» **BRIEF**: No pictures belong in the copy. Restate the rest of the data exactly.

» **SOURCE MATERIAL**:

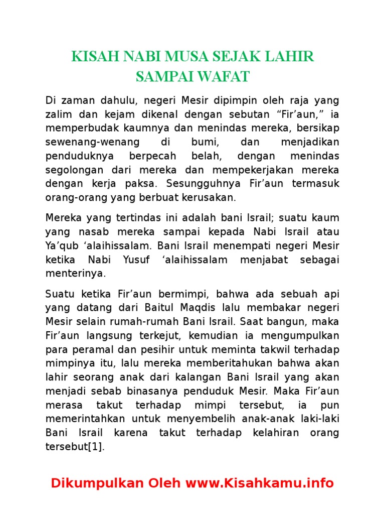 Kisah nabi musa lengkap dari lahir sampai wafat. Qorun adalah saudara ayahnya. Nabi muhammad saw dilahirkan di mekkah pada tahun 570 m yaitu pada tahun yang sama ketika raja abrahah dari yaman melakukan penyerbuan ke mekkah dengan maksud untuk menghancurkan kakbah tahun tersebut juga dinamakan sebagai tahun gajah karena pasukan penyerang raja abrahah menggunakan gajah sebagai tunggangannya. Di tahun inilah nabi muhammad saw lahir di makkah dan dibesarkan sebagai anak yatim karena abdullah ayah nabi muhammad wafat sebelum rasulullah saw lahir. Kali ini dutadakwah akan membahas mengenai kisah nabi musa as.
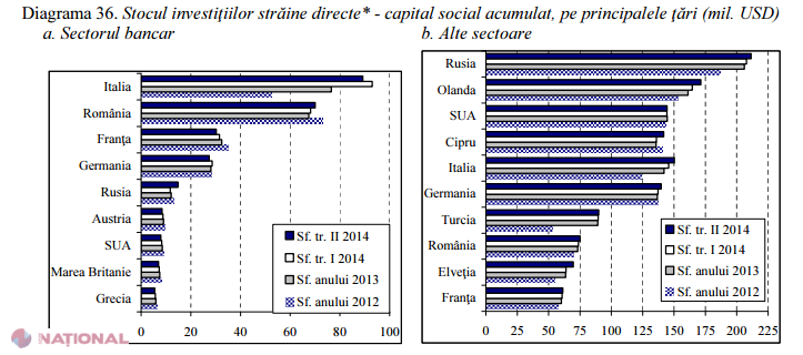 Cei mai mulți investitori străini vin din UE cu o pondere de 52,7 %, care a crescut pe parcursul trimestrului cu 0,3 puncte procentuale datorită investiţiilor provenite din Austria, Olanda, Italia, România. Investitorii din ţările CSI au deţinut o pondere de 11,6 la sută în totalul capitalului social acumulat, iar celor din alte ţări – 35,7 %).
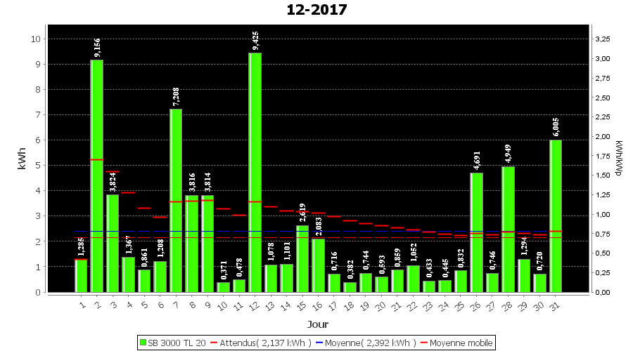 | Jour | | Production(kWh) | kWh/kWp | Co2 (Kg) | Gains | % |
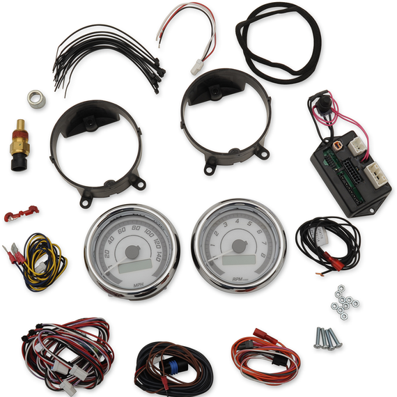 Caracteristicas: New MVX Series Analog/Digital Bagger Gauges offer two bezel options, four background choices, and seven lighting colors to choose from - the combinations are nearly endless Whether installing a six-gauge set, or building your perfect gauge set from Dakota Digital's optional gauges, you will get all seven gauge readings displayed in the speedometer and tachometer LCD readouts (speed, rpm, volts, fuel, oil pressure, oil temp, and air temp), as well as miles to empty, and performance readouts (0-60 time, and quarter-mile speed and time) Personalize your gauge set by programming the pointer, backlight, and LCD message center colors independently Six-gauge kits include speedometer, tachometer, oil pressure, oil temperature, fuel level, and voltmeter Two-gauge kits include speedometer and tachometer (will display other gauge readouts in odometer) Optional fuel level gauges, oil pressure gauges, oil temperature gauges and voltmeter can only be used with MVX six- and two-gauge kits; they will not work alone Seven user-selectable LED lighting colors available for background, message, and pointer: red, green, blue, teal, magenta, amber or white Proudly designed and manufactured in the U.S.A. Plug directly into the MVX and MCL-3014 series gauges and add readings for up to two air suspension pressure, boost pressure, or compass heading into the existing LCD displays of the speedometer and tachometer This makes it extremely easy to add these gauge readings without having to remove any of your existing MVX gauges

» **EXERCISE RESULT**:
 Kisah nabi musa lengkap dari lahir sampai wafat. Qorun adalah saudara ayahnya. Nabi muhammad saw dilahirkan di mekkah pada tahun 570 m yaitu pada tahun yang sama ketika raja abrahah dari yaman melakukan penyerbuan ke mekkah dengan maksud untuk menghancurkan kakbah tahun tersebut juga dinamakan sebagai tahun gajah karena pasukan penyerang raja abrahah menggunakan gajah sebagai tunggangannya. Di tahun inilah nabi muhammad saw lahir di makkah dan dibesarkan sebagai anak yatim karena abdullah ayah nabi muhammad wafat sebelum rasulullah saw lahir. Kali ini dutadakwah akan membahas mengenai kisah nabi musa as.
 Cei mai mulți investitori străini vin din UE cu o pondere de 52,7 %, care a crescut pe parcursul trimestrului cu 0,3 puncte procentuale datorită investiţiilor provenite din Austria, Olanda, Italia, România. Investitorii din ţările CSI au deţinut o pondere de 11,6 la sută în totalul capitalului social acumulat, iar celor din alte ţări – 35,7 %).
 | Jour | | Production(kWh) | kWh/kWp | Co2 (Kg) | Gains | % |
 Caracteristicas: New MVX Series Analog/Digital Bagger Gauges offer two bezel options, four background choices, and seven lighting colors to choose from - the combinations are nearly endless Whether installing a six-gauge set, or building your perfect gauge set from Dakota Digital's optional gauges, you will get all seven gauge readings displayed in the speedometer and tachometer LCD readouts (speed, rpm, volts, fuel, oil pressure, oil temp, and air temp), as well as miles to empty, and performance readouts (0-60 time, and quarter-mile speed and time) Personalize your gauge set by programming the pointer, backlight, and LCD message center colors independently Six-gauge kits include speedometer, tachometer, oil pressure, oil temperature, fuel level, and voltmeter Two-gauge kits include speedometer and tachometer (will display other gauge readouts in odometer) Optional fuel level gauges, oil pressure gauges, oil temperature gauges and voltmeter can only be used with MVX six- and two-gauge kits; they will not work alone Seven user-selectable LED lighting colors available for background, message, and pointer: red, green, blue, teal, magenta, amber or white Proudly designed and manufactured in the U.S.A. Plug directly into the MVX and MCL-3014 series gauges and add readings for up to two air suspension pressure, boost pressure, or compass heading into the existing LCD displays of the speedometer and tachometer This makes it extremely easy to add these gauge readings without having to remove any of your existing MVX gauges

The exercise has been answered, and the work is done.